Here's the appropriate part of the hobbit-alerts.cfg file
PAGE=KC/KC-Test SCRIPT /home/hobbit/server/ext/mail-format-alert.py SERVICE=disk,conn DURATION>1m REPEAT=20 COLOR=yellow,red RECOVERED TIME=W:0000:2359 SCRIPT /home/hobbit/server/ext/mail-format-alert.py SERVICE=cpu,mem,tbntp,procs DURATION>1m REPEAT=20 COLOR=yellow,red RECOVERED TIME=W:0700:1700 MAIL ron at whatever.com SERVICE=cpu,mem,tbntp,procs DURATION>1m REPEAT=20 COLOR=yellow,red RECOVERED TIME=W:0000:2359 MAIL ron at whatever.com SERVICE=conn,disk DURATION>1m REPEAT=20 COLOR=yellow,red RECOVERED TIME=W:0700:1700
However, whenever hobbit generates ANY alert it matches on both SCRIPT lines, and sends the alert twice.
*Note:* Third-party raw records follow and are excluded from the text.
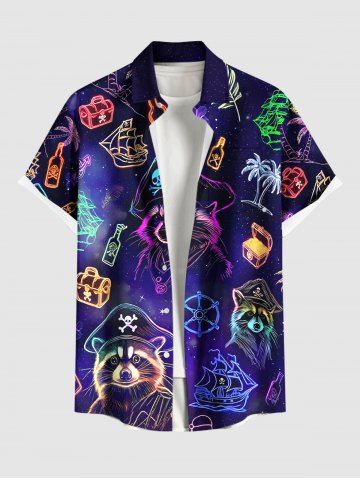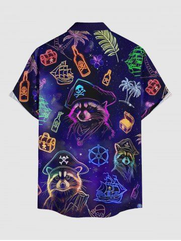 Chemise à Manches Courts> Chemise hawaïenne grande taille pour homme, avec motif raton laveur, pirate, voilier, gouvernail, cocotier et galaxie, boutons et poche.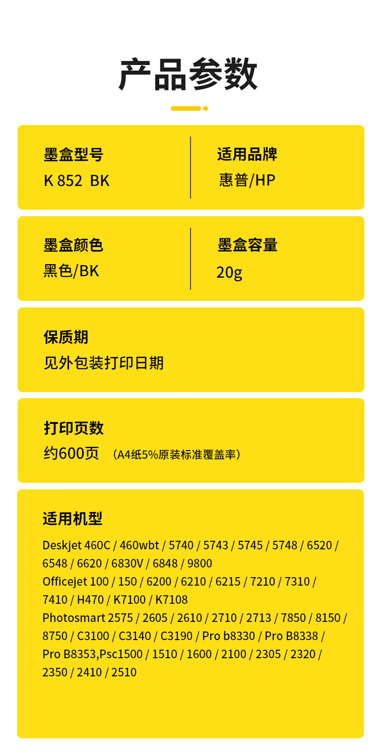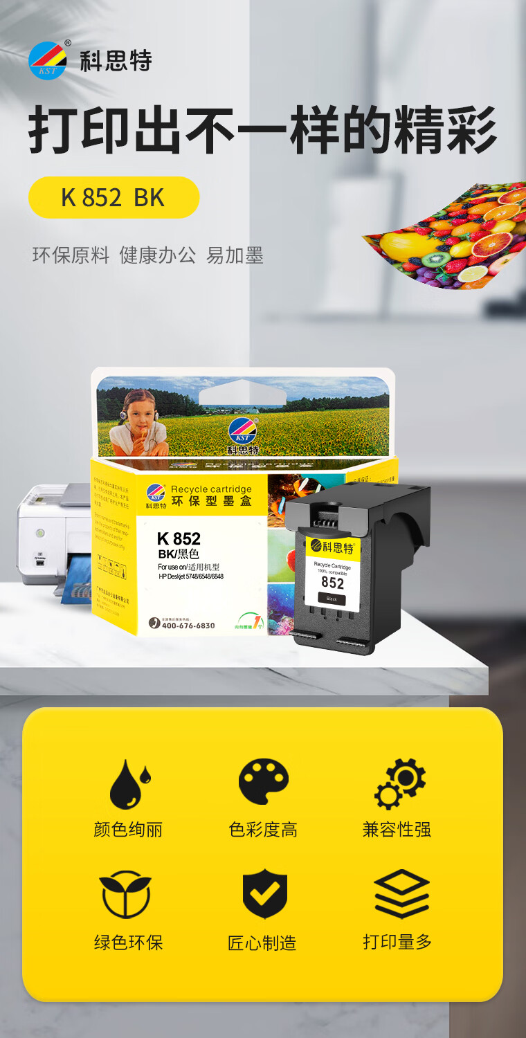科思特K HP 852(8765) BK 黑色墨盒 适用Deskjet 5748/Deskjet 460cb;H470b/K7108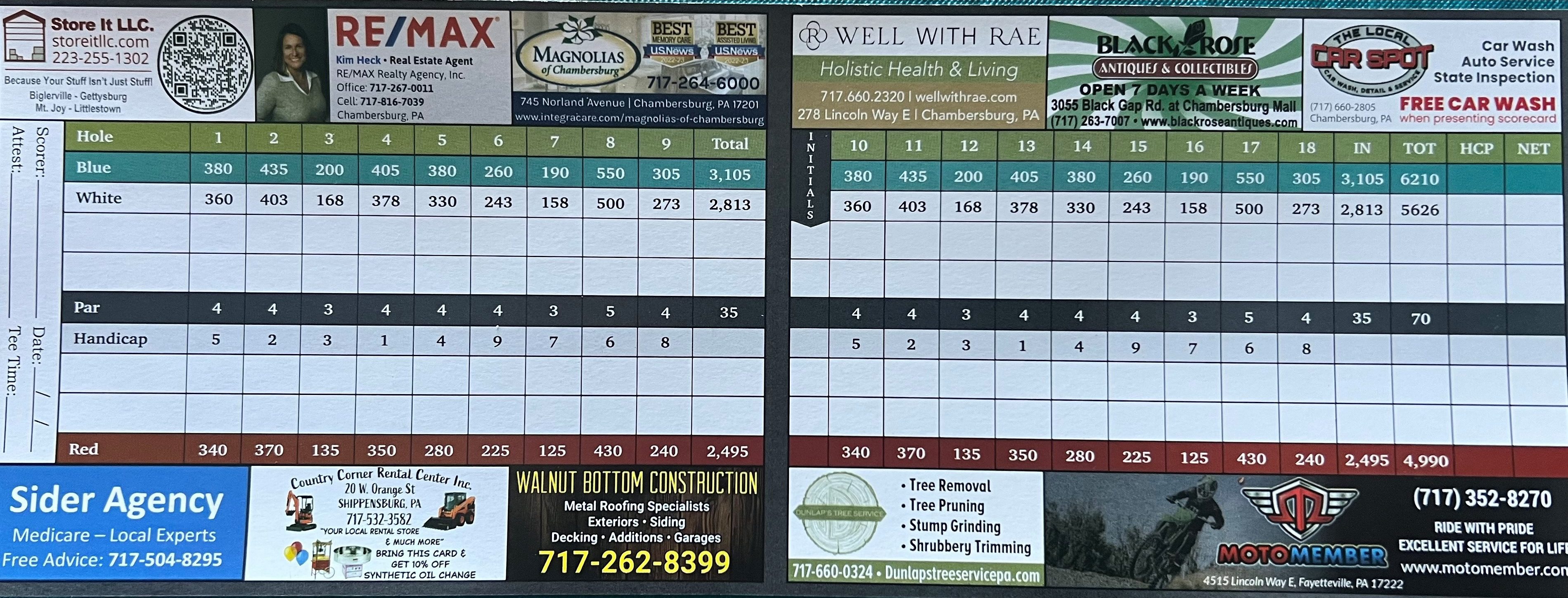 Conocodell Golf Club is a 9-hole, par 35, course with two par 3's, six par 4's, and one par 5. There are three tee sets, making the course range from 2,495 to 3,105 yards and tee shots range from 125 to 550 yards. The course features flat terrain, the Conococheague Creek runs throughout, strategically placed sand traps, and the greens require accuracy.
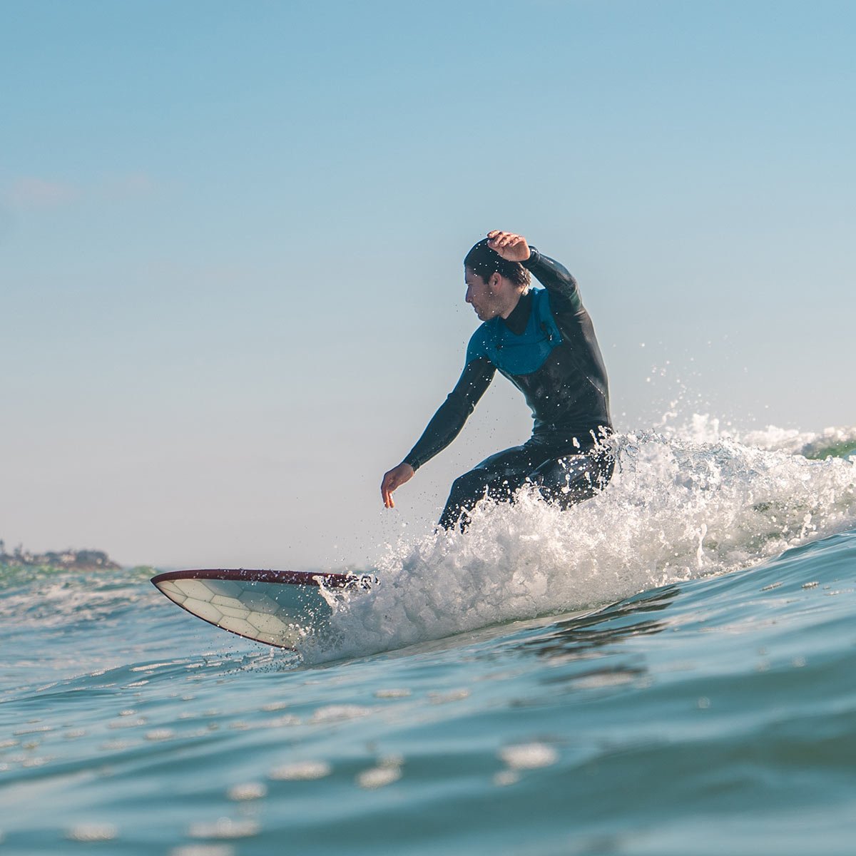 The Eggy is a kind of mini longboard for small waves under 1m20. It is addressed to intermediate beginners. It is a stable board, with boxy rails and low rocker for stability and good wave entry. A single concave to vee has been designed to keep the maneuverability. It can be ridden as a 2+1 to get the classic "down the line" ride.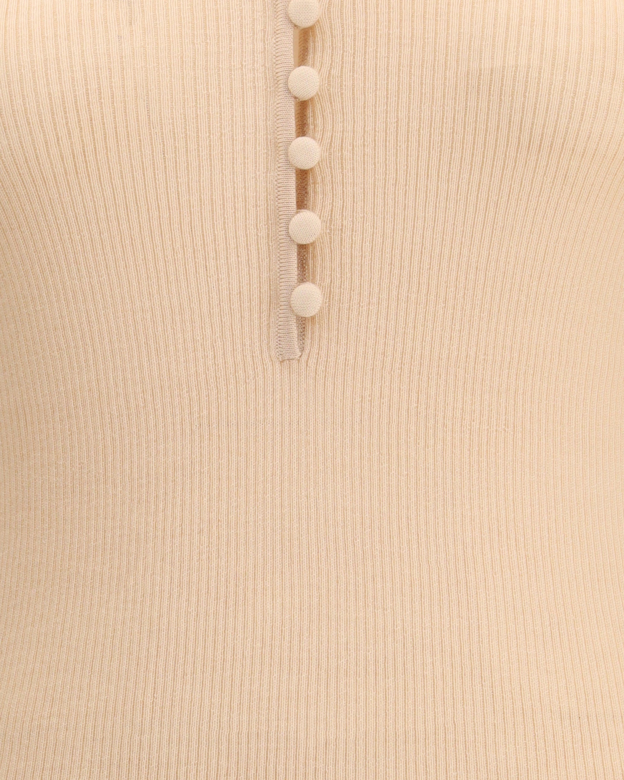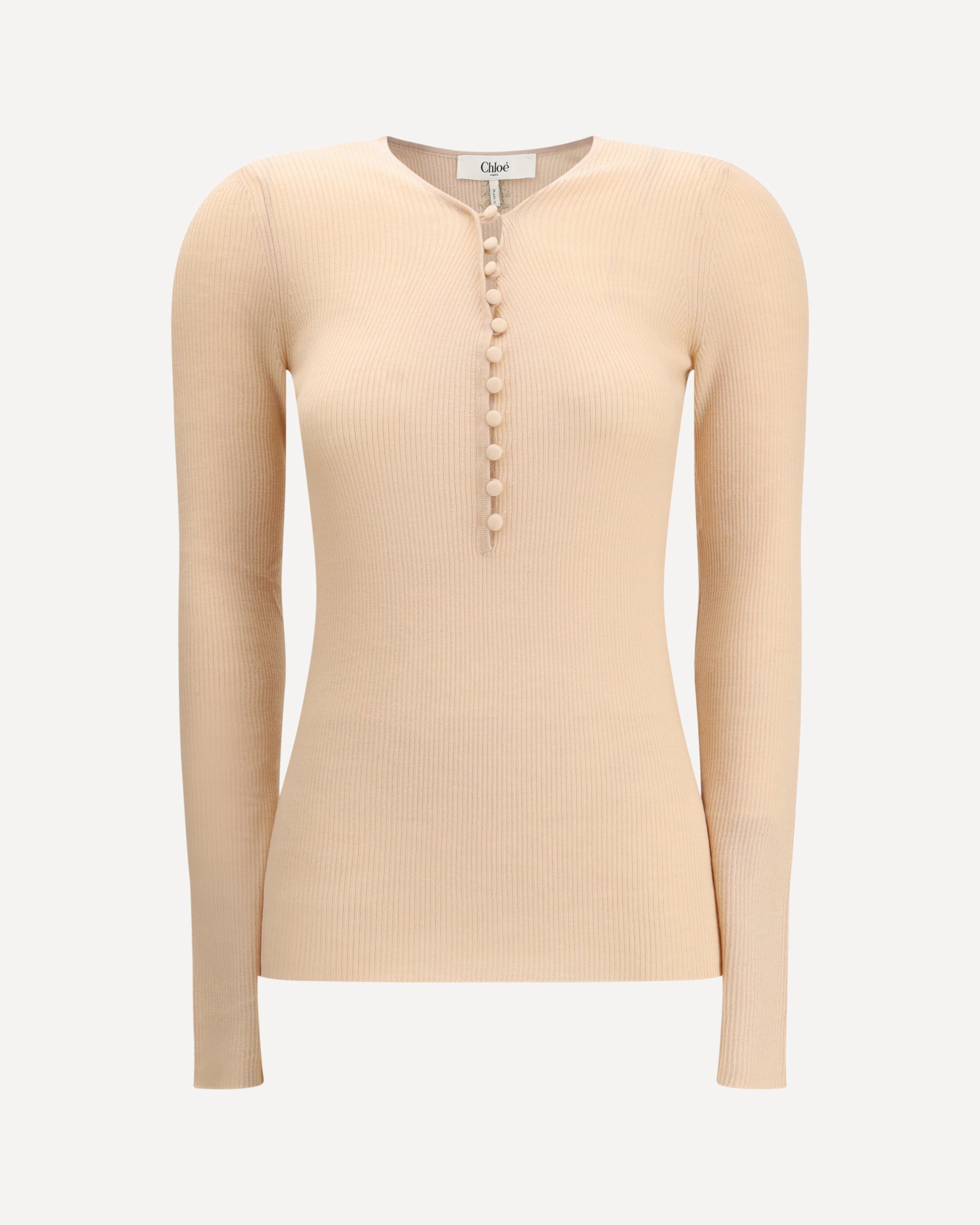 The Merino Wool Henley Sweater by Chloé brings everyday elegance to life with refined details. Rib-knit construction frames the V-neckline with fabric-covered buttons, complemented by long sleeves and a straight hem that enhance the clean silhouette. A versatile and comfortable piece, perfect for both sophisticated and relaxed looks.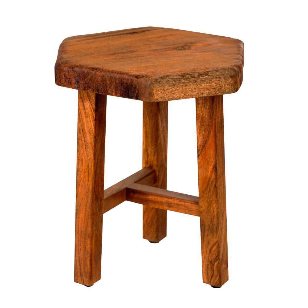 Inspired by the farmhouse style, this wooden side table depicts live edge details with a hint of rough saw hewn marks to add a natural appeal to your interior. Featuring a hexagon tabletop with replicated wood grains and knots, it is supported on 3-angled legs. Handcrafted from acacia wood frame in a warm brown finish, it is bolstered with rails for added stability. Reminiscent of a thick wood stump with stout edges, it is sure to add an interesting character to your place. From offering a convenient storage option within your arms reach while lounging on your sofa to providing a sophisticated abode to your collector items, this piece of furniture never fails to amaze you with its wide range of applications.

It doesn't appear to care about the SERVICE parameter.
Here's the results I get when running a test alert
../bin/bbcmd hobbitd_alert --test test2003 cpu 500 00016539 2008-07-24 13:52:16 send_alert test2003:cpu state Paging 00016539 2008-07-24 13:52:16 Matching host:service:page 'test2003:cpu:KC/KC-Test' against rule line 124 00016539 2008-07-24 13:52:16 *** Match with 'PAGE=KC/KC-Test' *** 00016539 2008-07-24 13:52:16 Matching host:service:page 'test2003:cpu:KC/KC-Test' against rule line 125 00016539 2008-07-24 13:52:16 *** Match with 'SCRIPT /home/hobbit/server/ext/mail-format-alert.py SERVICE=conn,disk DURATION>1m REPEAT=20 COLOR=yellow,red RECOVERED TIME=W:0000:2359' *** 00016539 2008-07-24 13:52:16 Script alert with command '/home/hobbit/server/ext/mail-format-alert.py' and recipient SERVICE=conn,disk 00016539 2008-07-24 13:52:16 Matching host:service:page 'test2003:cpu:KC/KC-Test' against rule line 126 00016539 2008-07-24 13:52:16 *** Match with 'SCRIPT /home/hobbit/server/ext/mail-format-alert.py SERVICE=cpu,mem,tbntp,procs DURATION>1m REPEAT=20 COLOR=yellow,red RECOVERED TIME=W:0700:1700' *** 00016539 2008-07-24 13:52:16 Script alert with command '/home/hobbit/server/ext/mail-format-alert.py' and recipient SERVICE=cpu,mem,tbntp,procs
Note that it works properly with MAIL; the service doesn't match in line 128 and hobbit doesn't generate a MAIL event.
00018965 2008-07-24 13:52:16 Matching host:service:page 'test2003:cpu:KC/KC-Test' against rule line 127 00018965 2008-07-24 13:52:16 *** Match with 'MAIL ron at tradebotsystems.com SERVICE=cpu,mem,tbntp,procs DURATION>1m REPEAT=20 COLOR=yellow,red RECOVERED TIME=W:0700:1700' *** 00018965 2008-07-24 13:52:16 Mail alert with command 'mail -s "Hobbit [12345] test2003:cpu CRITICAL (RED)" ron at tradebotsystems.com' 00018965 2008-07-24 13:52:16 Matching host:service:page 'test2003:cpu:KC/KC-Test' against rule line 128 00018965 2008-07-24 13:52:16 Failed 'MAIL ron at tradebotsystems.com SERVICE=conn,disk DURATION>1m REPEAT=20 COLOR=yellow,red RECOVERED TIME=W:0000:2359' (service not in include list)
So what's going on with SERVICE and the SCRIPT event? Any help would be appreciated.